O Evangelho de hoje apresenta-nos o episódio do homem cego de nascença, a quem Jesus confere a vista. Esta longa narração tem início com um cego que começa a ver e termina — isto é curioso — com alguns presumíveis videntes que continuam a ser cegos na alma. O milagre é narrado por João em apenas dois versículos, porque o evangelista quer chamar a atenção não apenas para o prodígio em si mesmo, mas para aquilo que acontece em seguida, para os debates que isto suscita; e também para o falatório, pois muitas vezes uma obra, um gesto de caridade provoca murmurações e debates, porque alguns não querem ver a verdade. O evangelista João quer chamar a atenção para aquilo que acontece até nos dias de hoje, quando se realiza uma obra boa. O cego curado é primeiro interrogado pela multidão admirada — viram o milagre e interrogam-no — e depois pelos doutores da lei, que interrogam também os seus pais. No final, o cego curado chega à fé, a maior graça que lhe é concedida por Jesus: não apenas de ver, mas de O conhecer, de O ver como «a luz do mundo» (Jo 9, 5).

Enquanto o cego se aproxima gradualmente da luz, os doutores da lei, ao contrário, afundam cada vez mais na sua cegueira interior. Fechados na sua presunção, já julgam possuir a luz; por isso, não se abrem à verdade de Jesus.
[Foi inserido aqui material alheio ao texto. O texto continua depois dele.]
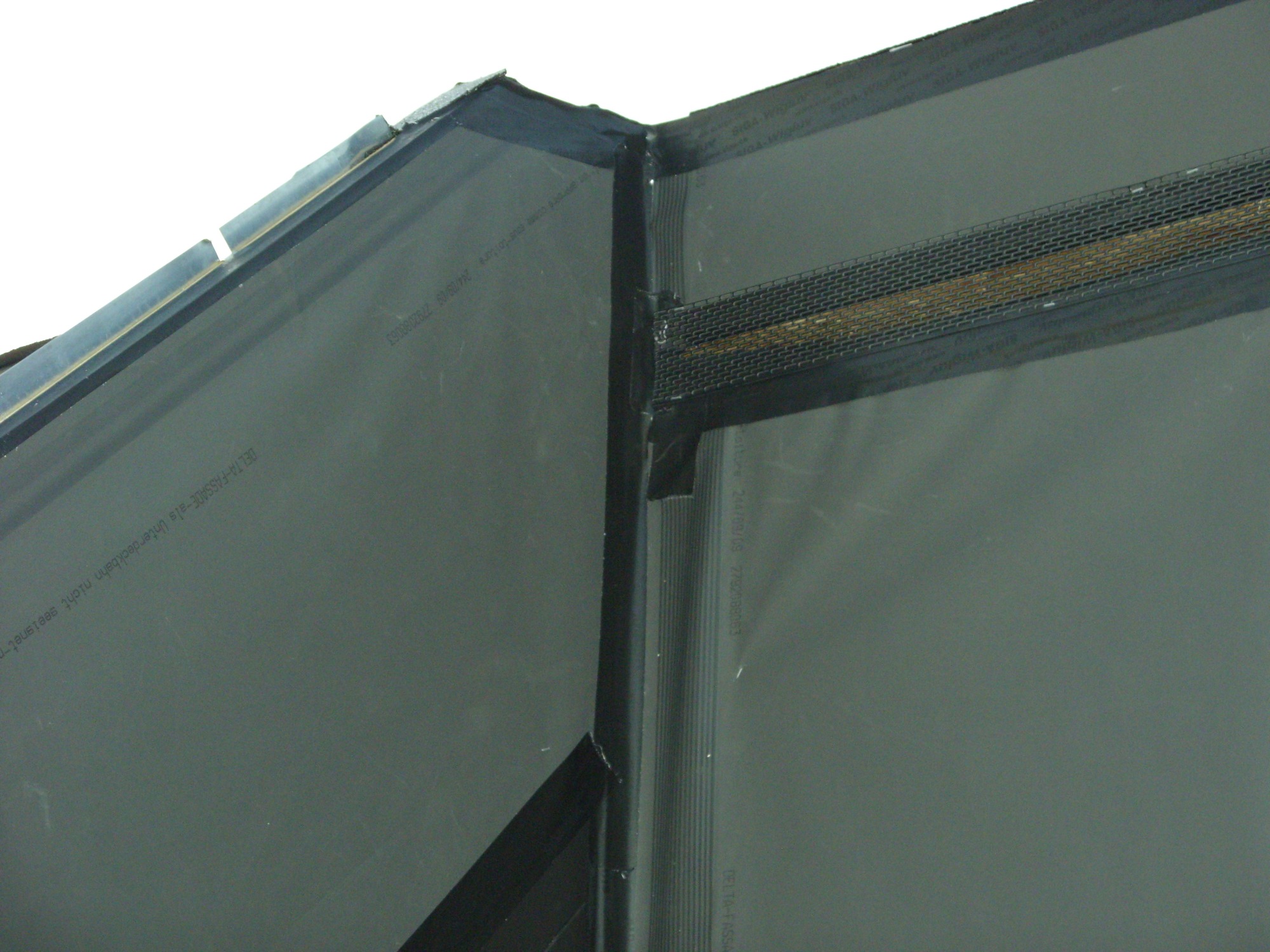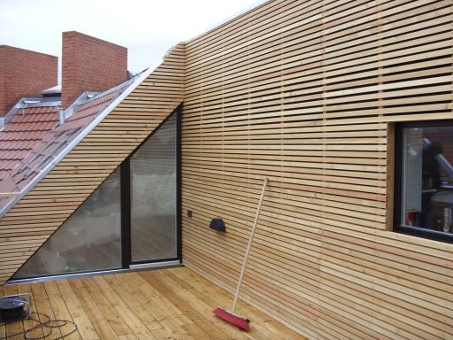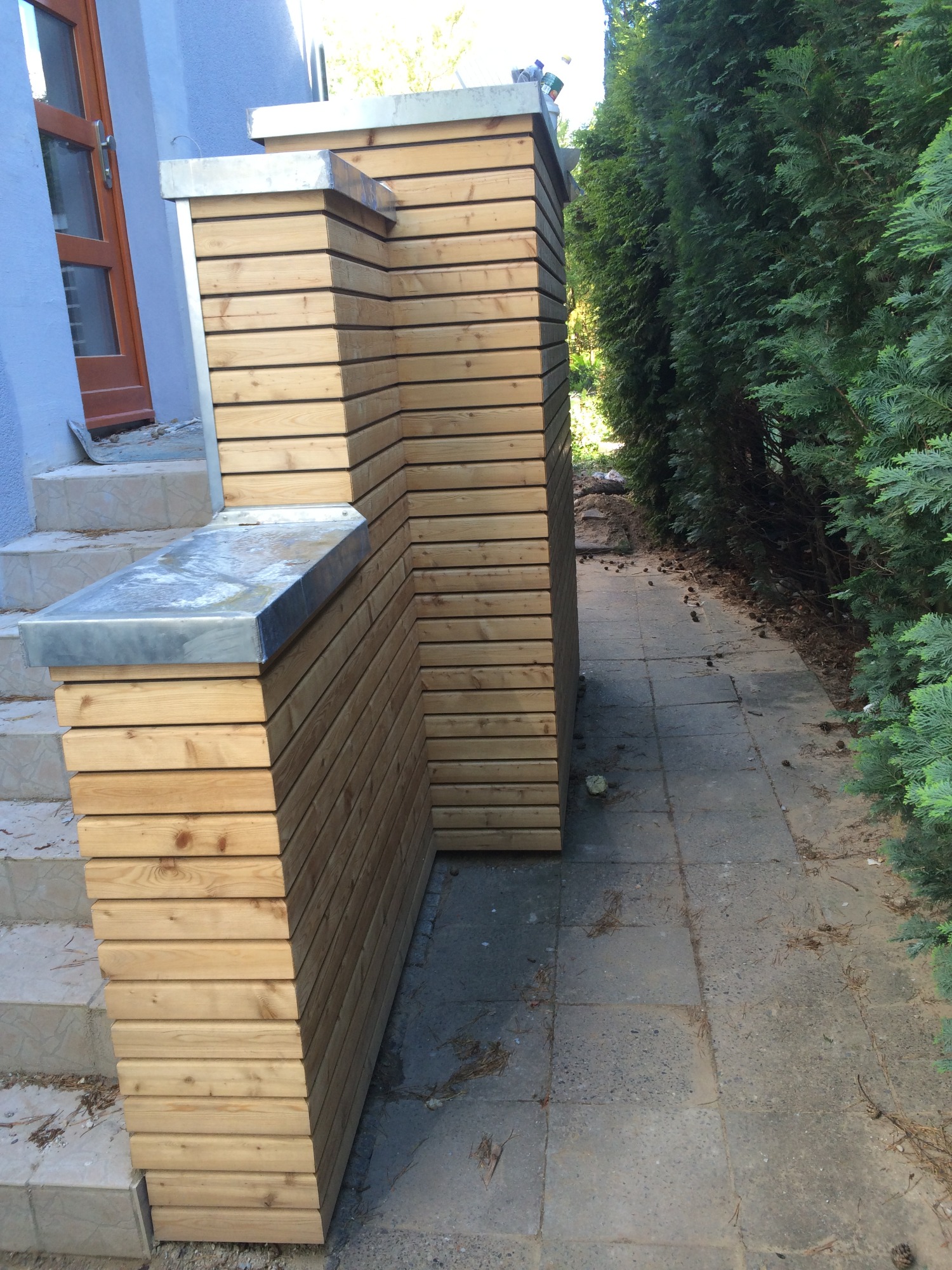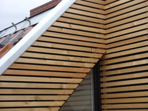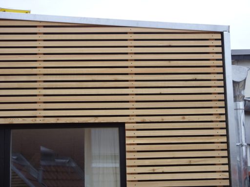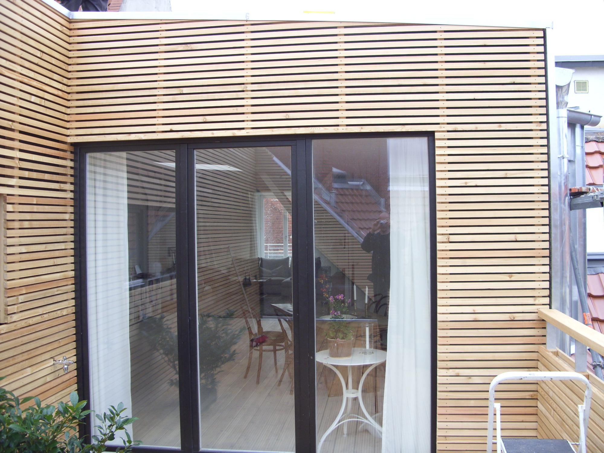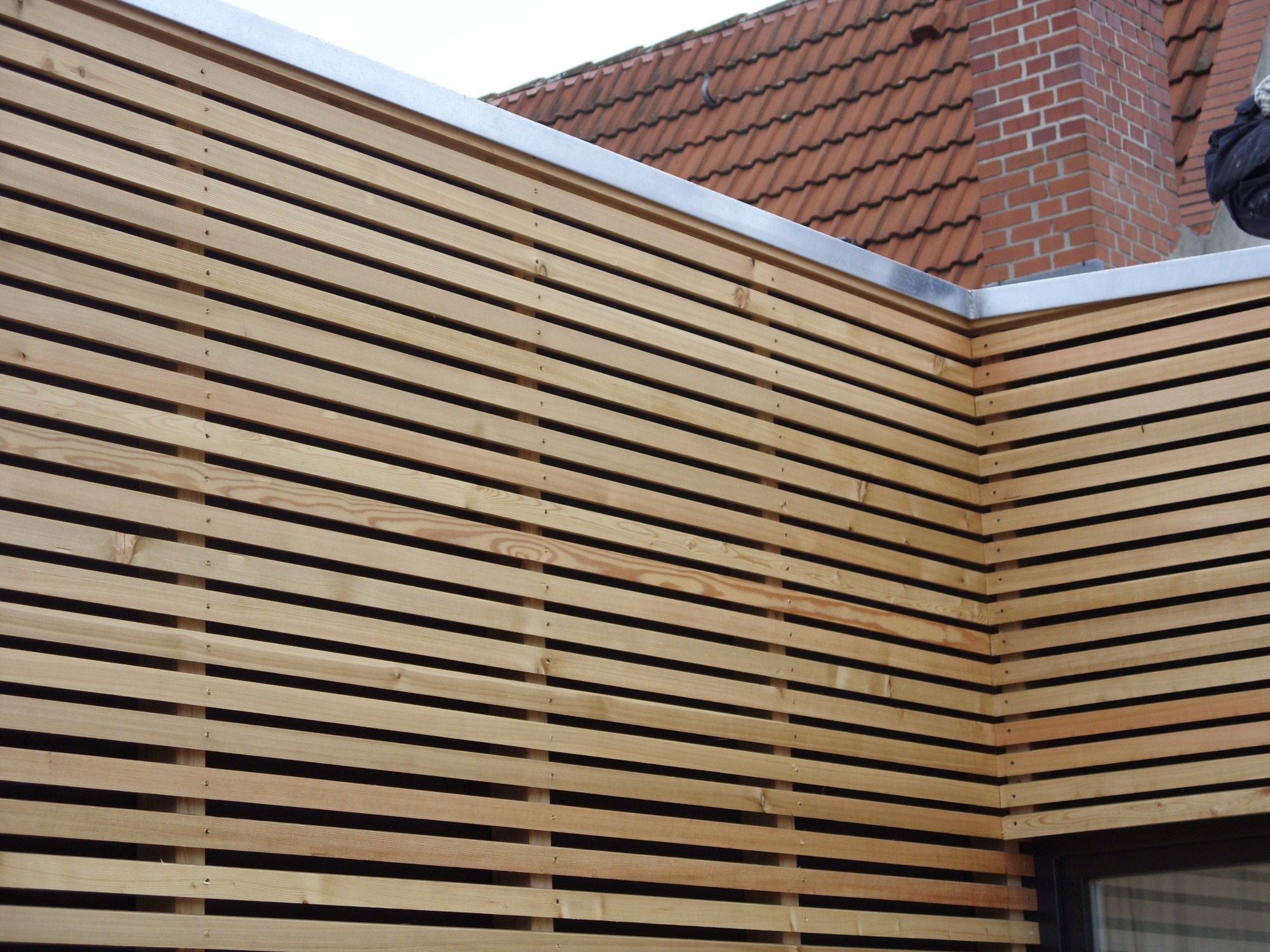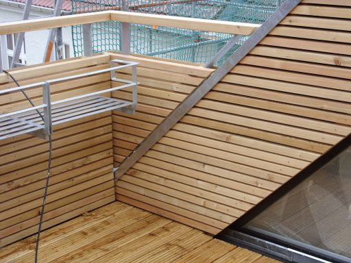 Hier wurde uns seitens des Architekten die Gestaltung frei gelassen. In Absprache und erstellter Skizzen wurde dann die Ausführung freigegeben. Unterkonstruktion und Unterspannbahn in Schwarz mit Lärchenholz-Trapezprofil.

E fazem de tudo para negar a evidência. Põem em dúvida a identidade do homem curado; em seguida, negam a obra de Deus na cura, alegando como desculpa que Deus não age aos sábados; chegam até a duvidar que aquele homem fosse cego de nascença. O seu fechamento à luz torna-se agressivo e acaba na expulsão do homem curado para fora do templo.

Ao contrário, o caminho do cego é um percurso por etapas, que começa com o conhecimento do nome de Jesus. Nada mais sabe dele; com efeito, diz: «Aquele homem que se chama Jesus fez lodo e ungiu-me os olhos» (v. 11). A seguir às perguntas insistentes dos doutores da lei, considera-o primeiro um profeta (v. 17) e em seguida um homem que está próximo de Deus (v. 31). Depois de ter sido afastado do templo, excluído da sociedade, Jesus encontra-se novamente com ele e «abre os seus olhos» pela segunda vez, revelando-lhe a sua própria identidade: «Eu sou o Messias», assim lhe diz! Nesta altura, aquele que era cego exclama: «Creio, Senhor!» (v. 38), e prostra-se diante de Jesus. Trata-se de um trecho do Evangelho que mostra o drama da cegueira interior de muitas pessoas, inclusive da nossa, porque às vezes também nós vivemos momentos de cegueira interior.

Às vezes a nossa vida é semelhante à existência do cego que se abriu à luz, que se abriu a Deus, que se abriu à sua graça. Por vezes, infelizmente, é um pouco como a vida dos doutores da lei: do alto do nosso orgulho julgamos os outros, e até o próprio Senhor! Hoje, somos convidados a abrir-nos à luz de Cristo para dar fruto na nossa vida, para eliminar os comportamentos que não são cristãos; todos nós somos cristãos, mas todos nós — todos! — às vezes temos comportamentos não cristãos, atitudes que são pecados. Devemos arrepender-nos disto, eliminar estes comportamentos para caminhar decididamente pela vereda da santidade. Ela tem a sua origem no Baptismo. Com efeito, também nós fomos «iluminados» por Cristo no Baptismo, como no-lo recorda são Paulo, a fim de nos podermos comportar como «filhos da luz» (Ef 5, 8), com humildade, paciência e misericórdia. Aqueles doutores da lei não tinham humildade, nem paciência e nem sequer misericórdia!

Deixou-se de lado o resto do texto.